La represión recrudeció con el sucesor de Díaz Ordaz. En el gobierno de Luis Echeverría Álvarez, tuvo lugar uno de los periodos más lacerantes en la historia de nuestro país: la Guerra Sucia. En este tiempo se registró un aciago pasaje de violaciones sistemáticas de derechos humanos, auspiciadas desde el mismo aparato estatal en contra de insurrectos o integrantes de la oposición política. No había garantía de libertades, aunque éstas estuvieran consagradas en el texto constitucional.
En 1977, la reforma política de Jesús Reyes Heroles posibilitó la apertura del régimen, aunque el uso de la violencia como método de intimidación se continuó practicando hasta los últimos gobiernos de fin de siglo.
La pluralidad política de ambas Cámaras del Congreso de la Unión iniciada en 1997 y la alternancia del 2000, así como el ascenso al poder de la izquierda mexicana en 2018, son producto de las largas bregas que enfrentaron hombres y mujeres valientes, con vocación democrática, para frenar la cerrazón impuesta durante más de la mitad de una centuria.
Sin embargo, lamentablemente, justo en el proceso electoral de 2018 perdieron la vida 152 personas que compitieron por un puesto de elección popular, y fueron postuladas por diferentes partidos. Ello nos recuerda que el problema de la violencia, si bien ha mutado, no se ha erradicado de nuestro país.
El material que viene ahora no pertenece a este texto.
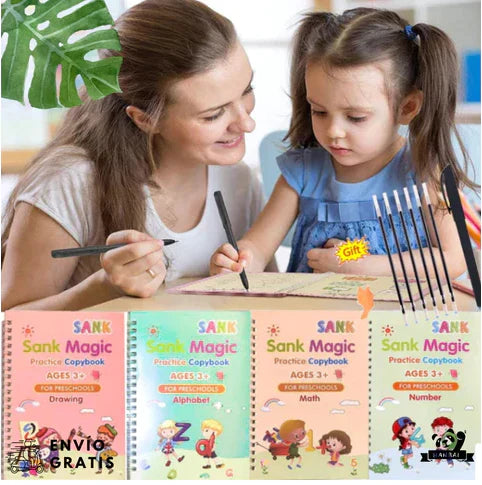 - Inclui: 4 livros: 1 alfabeto, 1 matemática, 1 números e 1 desenho, além de 1 caneta e 5 recargas mágicas para a Caneta de presente

Ciertamente, la violencia política ejercida por el régimen de mediados del siglo pasado ha sido parcialmente superada; sin embargo, nuestro país enfrenta ahora un grave problema de descomposición social, provocado, entre otras razones, por la precarización de las condiciones de vida de la gran mayoría de mexicanas y mexicanos en los últimos treinta años.
La proliferación del narcotráfico y de la delincuencia organizada responde precisamente a factores socioeconómicos que minaron considerablemente la calidad de vida de la población, sobre todo en las áreas geográficas con los mayores índices de marginación. A las desgastantes disputas por el poder político se suman las violentas disputas entre grupos delincuenciales por el control de las actividades ilícitas.
Gran parte de la espiral de violencia que hoy se sufre en el país responde a la llamada “guerra contra el narcotráfico” iniciada hace más de una década, iniciativa que careció de una estrategia congruente y que sólo consiguió evidenciar que las instituciones del Estado mexicano habían sido penetradas profundamente por organizaciones delictivas de presencia nacional e internacional, y cuya capacidad operativa había logrado rebasar a las instituciones de seguridad locales y federales.
La actual violencia social de nuestro país tiene raíces profundas en la desigualdad y ha utilizado como combustible la impunidad. La violencia política que pervive en México viene a potenciar, como turbocarburante, el clima de inseguridad e inestabilidad que amenaza al Estado de Derecho.
Ha quedado de manifiesto que el poder político no está disociado de los intereses de particulares que, en muchas ocasiones, están coludidos con los grupos delictivos de sus demarcaciones.
Las y los mexicanos estamos, quizá, frente al reto contemporáneo más importante: erradicar la violencia política y atender la violencia social. Se debe buscar, en esencia, civilizar al México que busca satisfacer sus propias necesidades por encima del Estado de derecho. Un reto a la altura de aquellas y aquellos jóvenes valientes que enfrentaron un régimen cerrado y represor en 1968.